Girls that Olinger and an intern at Pretty Brainy have interviewed range in age from 6 to 11 years old. Live conversations with girls have taken place in person and by telephone. Olinger also asks groups of girls to anonymously write down their response to the following prompt, “When I grow up, this is what I want to do.” The prompt is designed to allow girls to express goals in addition to career aspirations.
One 7-year-old told Olinger, “I want to be a vet and go to Paris.”
A 9-year-old from Loveland, Colorado, wrote, “I want to do sculpting and be a small business owner.”
“Approximately 77 percent of girls we have interviewed express goals that will require the study of math, science or both,” says Olinger. “And though it is a myth that ‘girls can’t do math,’ old stereotypes slowly die.” This is why, she explains, Pretty Brainy has designed math problem-solving into its first product on the market, girls’ printed tees. The idea is to keep a girl’s confidence about doing math literally front and center on the shirt she wears. Olinger first had the idea for the girls’ printed tees as a way to help a young niece maintain her self-confidence and aspirations through adolescence.
Olinger had a hunch that her niece would stay confident and maintain interest in her goals if she remained engaged in the math and science studies she would need. Fouad’s research supports the point. When girls feel confident that they can do math and science, it fuels their interest in the subjects, says Fouad. “And confidence comes in the doing,” says Olinger, quoting famous first lady Eleanor Roosevelt.
Do the Math & Ditch the Stereotypes
Girls who do not learn math, says Carol Bartz, chief executive officer, Yahoo, “are closing [themselves] off to three-quarters of the careers in America.” Bartz made the statement in an interview for Forbes Woman in the fall 2009 issue of the magazine, which profiled women executives who have science degrees and are leading some of the top companies in the world. Bartz holds a B.S. in computer science from the University of Wisconsin.
“Why wouldn’t we want our children to achieve their greatest goals?” Olinger rhetorically asks. “Why wouldn’t we want them to do and be their very best?” Role models, including Bartz, have emerged, and the support of the NSF, for example, in uncovering what educationally must take place for girls to succeed at math and science is significant. To do the right thing in helping girls succeed, the combination of efforts must continue, says Olinger.

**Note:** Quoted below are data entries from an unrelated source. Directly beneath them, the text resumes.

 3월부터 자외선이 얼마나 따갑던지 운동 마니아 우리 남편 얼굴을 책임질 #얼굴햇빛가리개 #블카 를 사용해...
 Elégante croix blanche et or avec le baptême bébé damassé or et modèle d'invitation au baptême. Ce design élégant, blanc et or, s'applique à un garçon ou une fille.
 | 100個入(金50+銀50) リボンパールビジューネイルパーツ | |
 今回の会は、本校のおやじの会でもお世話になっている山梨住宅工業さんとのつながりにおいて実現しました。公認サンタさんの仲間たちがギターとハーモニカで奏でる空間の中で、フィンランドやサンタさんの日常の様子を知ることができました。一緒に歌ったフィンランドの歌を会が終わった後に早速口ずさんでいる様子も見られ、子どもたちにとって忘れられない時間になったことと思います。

Thirty years ago, females made up 5 percent of the student body at Colorado School of Mines, for example. The number of female undergraduates is now 5 times what it was in the 1980s, and if more girls realize the career aspirations they are declaring today, in time the ratio of males to females in STEM disciplines may achieve near balance.

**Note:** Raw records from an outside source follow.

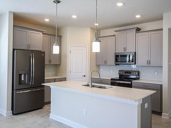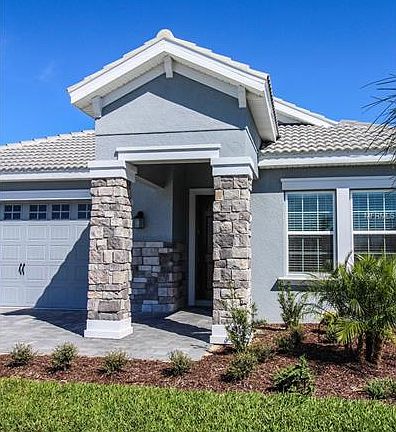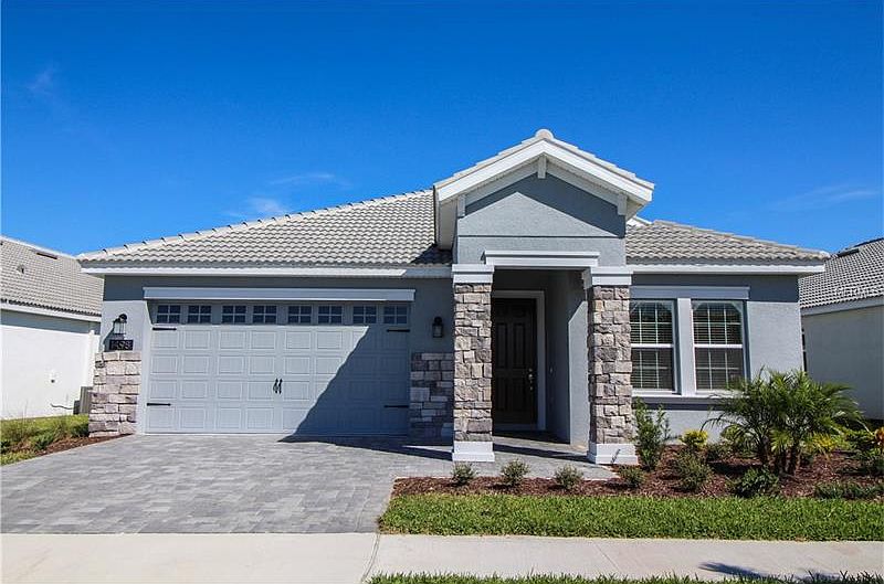 Under construction. Don't miss your chance to see this bright and spacious one story home. This home includes upgraded window sills, wood blinds, designer lighting and plush, wall-to-wall carpeting in all 3 of the roomy bedrooms. The master suite includes an oversized bathroom, his and her sinks, a large garden tub with a separate stand up shower. Both bathrooms have elegant flat panel maple wood cabinets with brushed nickel plumbing fixtures and designer wall tiles. You will find beautiful porcelain tile floors in the open concept kitchen, living room and dining room combination. The luxury kitchen features include a stainless steel under-mount sink, designer faucet, and granite counter tops. It also includes a stainless steel microwave, oven and refrigerator. This home also is equipped with ecosmart energy saving features like double-pane windows, GreenGaurd Max house wrap and energy star rated appliances. Come enjoy this gated community's spectacular amenities including the pool, tennis court, fitness center, business center, lazy river, movie theater and even a Tiki bar! This home is in a great area with easy access to I4 and just a short drive away from some of Florida's well known theme parks.
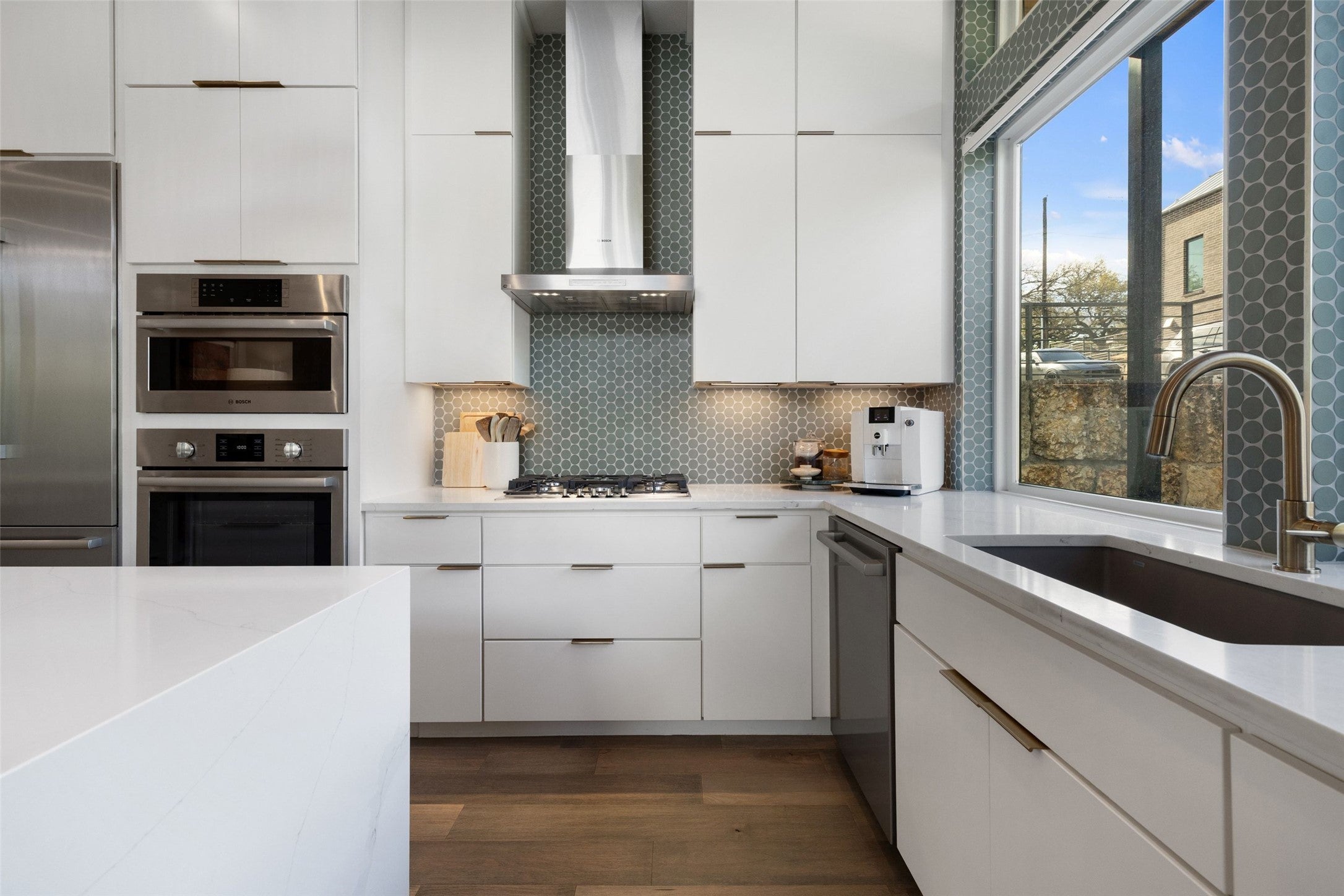 - Built-In Oven, Dishwasher, Gas Cooktop, Disposal, Microwave, Refrigerator, See Remarks, Stainless Steel Appliance(s), Tankless Water Heater, Wine Refrigerator
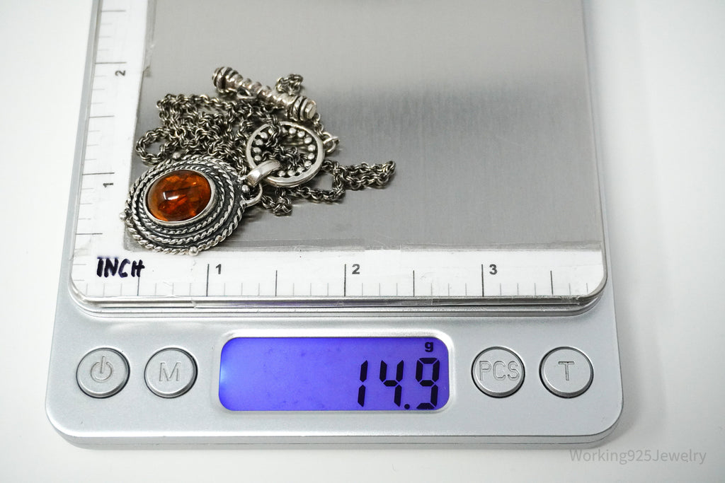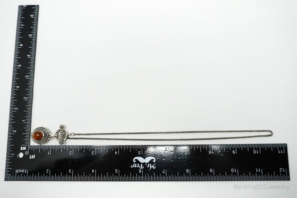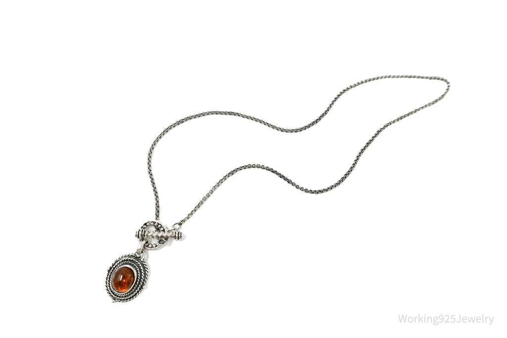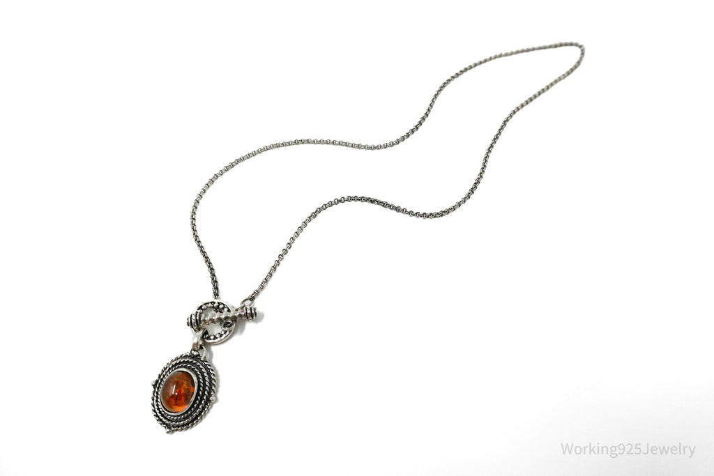 Vintage Amber Sterling Silver Toggle Necklace 18"

“Pretty Brainy will continue to interview girls about their aspirations,” says Olinger, “and if girls pursue the careers in math and science in which they are picturing themselves, we can look forward to graduation rates reflecting their progress in realizing their dreams.”

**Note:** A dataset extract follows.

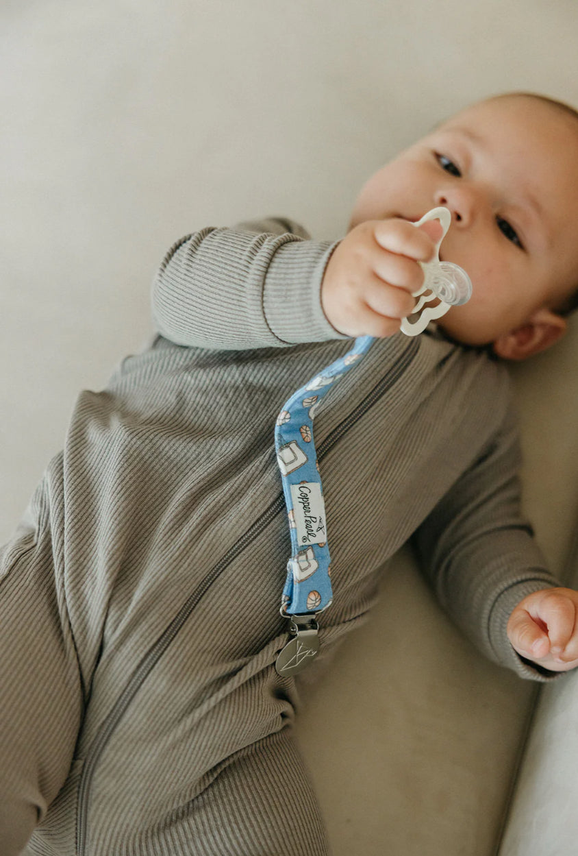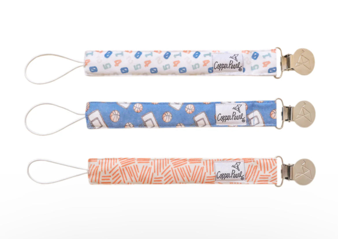 Offering the ultimate blend of fashion and function, our unique Binky Clip features a premium knit strap lined with absorbent fleece to help soak up drool. Simply attach baby's pacifier or teether to one end, then fasten the clip to clothing, blankets or baby gear. Oh, and by the way our set includes three Binky Clips to keep with you wherever you go - no more floor drops or pacifier pick-ups!

Pretty Brainy will keep designing preteen girls’ clothes with this vision: girls will succeed.
Heidi Olinger is the founder, president & CEO of Pretty Brainy, Inc. She has been a journalist, marketing director, executive director, foster parent, and aunt. “Being pretty brainy,” she writes, “is about believing in your capabilities and locating the self-confidence to act on your ambitions.”